On 17 January, the Italian Revenue Agency released its first investment ruling, clarifying when a logistics hub will avoid creating a permanent establishment (PE) in Italy because the nature of its activity is merely preparatory or auxiliary to the activity of the group. The ruling also clarifies the VAT treatment of flows of goods through logistics hubs.
The advance tax ruling was issued pursuant article 2 of the Decree n. 147/2015, which introduces a new procedure whereby the investors (both resident and non-resident in Italy) intending make long-term and significant investments in Italy can obtain the opinion of the Italian revenue agency regarding the tax treatment of their business plans and related extraordinary operations.
In the case at stake, a multinational group that includes a contract manufacturer company resident in Italy sought to enhance its production in Italy. The company intended to set up a new line of production in 2018 and, by 2019, intended to set up a logistics hub.
A warehouse will be used to store and distribute the group’s finished goods all over the world. The warehouse will be managed by a third party through a service agreement with a group company resident outside of Italy. Moreover, the sales activity of the finished goods will not be managed in Italy, but by a group company resident abroad.
Based on the described factual situation, the multinational requested the Italian revenue agency issue a ruling on whether a PE existed in Italy and on the VAT treatment of the flows of goods deriving from the creation of a logistics hub.
Permanent establishments
After the analysis of the double tax treaty concerned, the tax agency concluded establishment of the logistics hub would not create an Italian PE as long as certain conditions are fulfilled.
First, the use of the warehouse should be exclusive and used only to store and deliver finished goods belonging to the group. The ruling clarifies that the storage, exposition,?display? orand delivery of goods belonging to third parties will cause the logistics hub to lose it its auxiliary and preparatory nature and cause a PE to be created.
Moreover, the ruling clarifies that after-sale activities will create a PE as they go beyond mere storage and delivery activities.
Furthermore, the ruling states that a PE will be created if additional? commercial activity is undertaken though the warehouse. Therefore, receiving orders and selling will create a PE.
The tax authority adds that signing contracts in the name of a group company resident outside Italy or stipulating that a contract is binding on a group company resident outside Italy will create a PE.
The ruling states it is not intended to determine the arm’s length price between related parties, but just provide an opinion on the existence of a PE in Italy.
VAT & logistics hubs
The ruling also provides clarification on the VAT treatment of transfers of goods to and from a logistics hub.
The ruling states that finished goods produced abroad and owned by a nonresident in a warehouse (not relevant for VAT) that are sold in Italy and abroad are subject to the system of intra-community trade and therefore subject to VAT in Italy through the integration of non-taxable foreign tax bill.

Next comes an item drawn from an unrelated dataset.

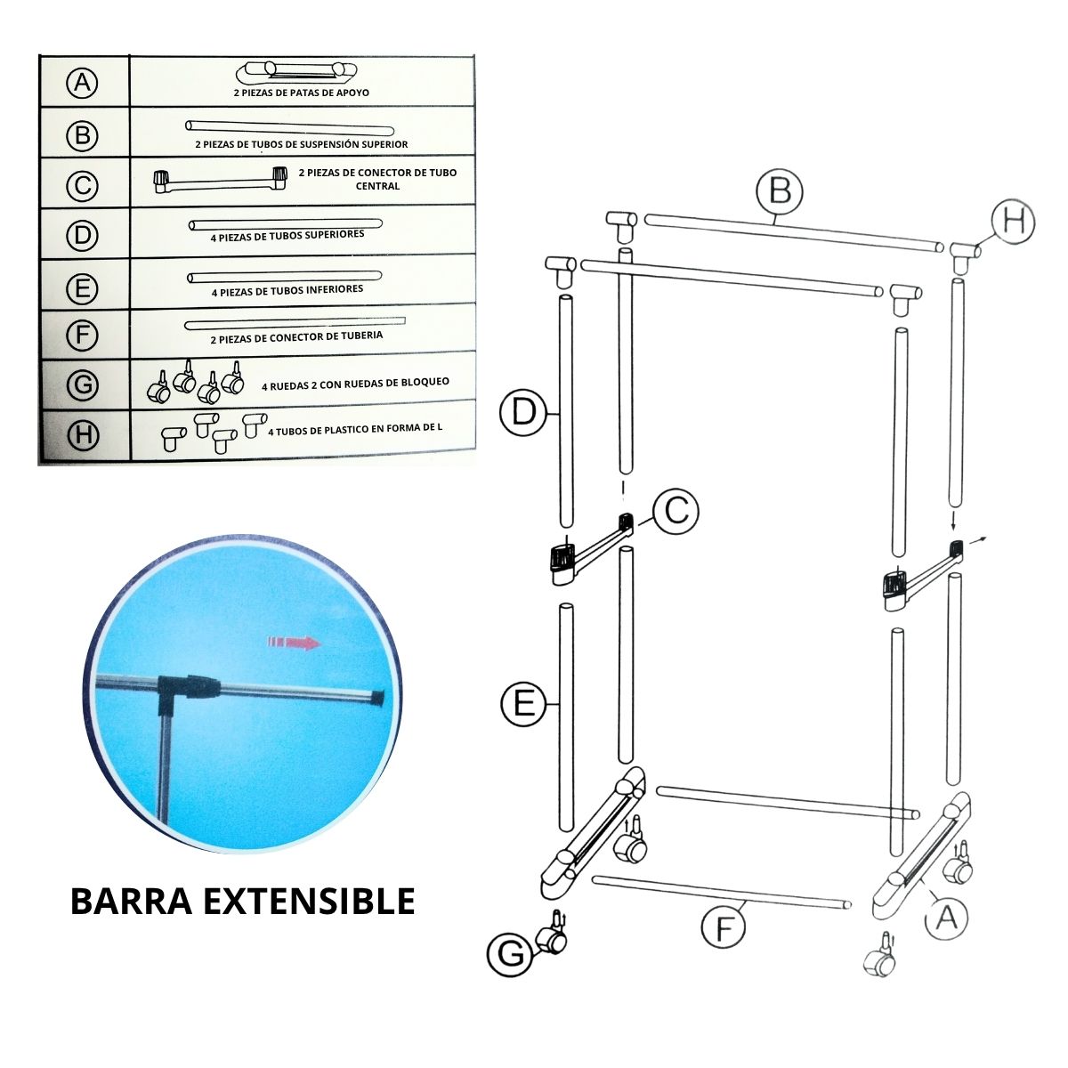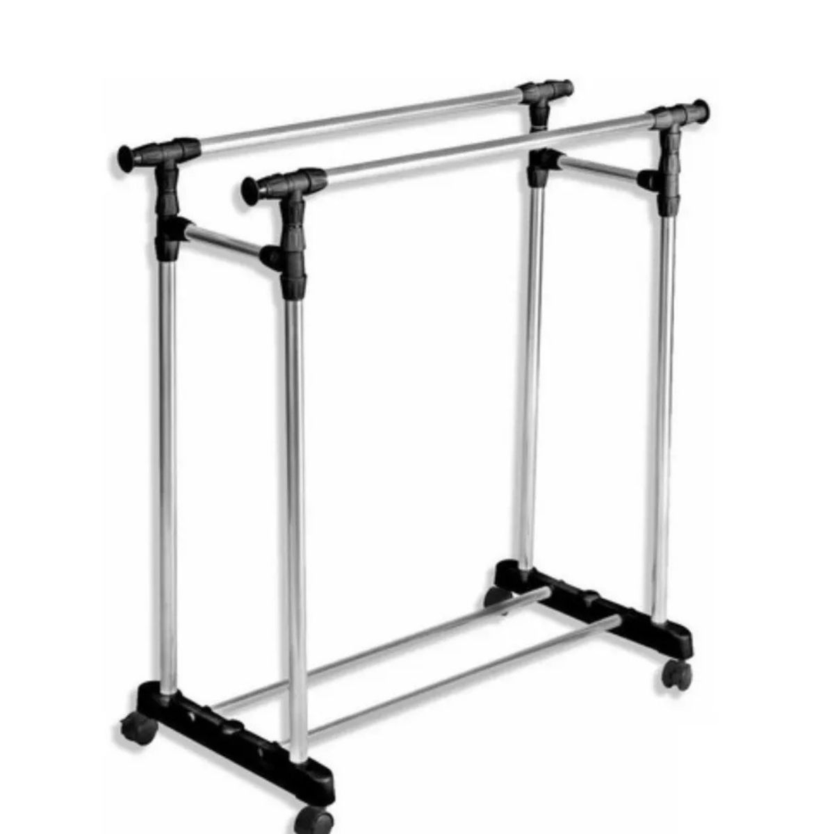 Perchero Doble Barra Con Ruedas Exhibidor de Ropa 130x74x37

This new investment ruling procedure appears to be a useful tool for multinationals, providing legal certainty for cross-border operations. Thus, in the future, the difficulties of legal interpretation may be decreased and the risks associated with cross-border operations may be consequently minimised.
Moreover, this new instrument may create a more cooperative relationship between companies and the Italian tax administration, making Italy a more attractive location for foreign investment.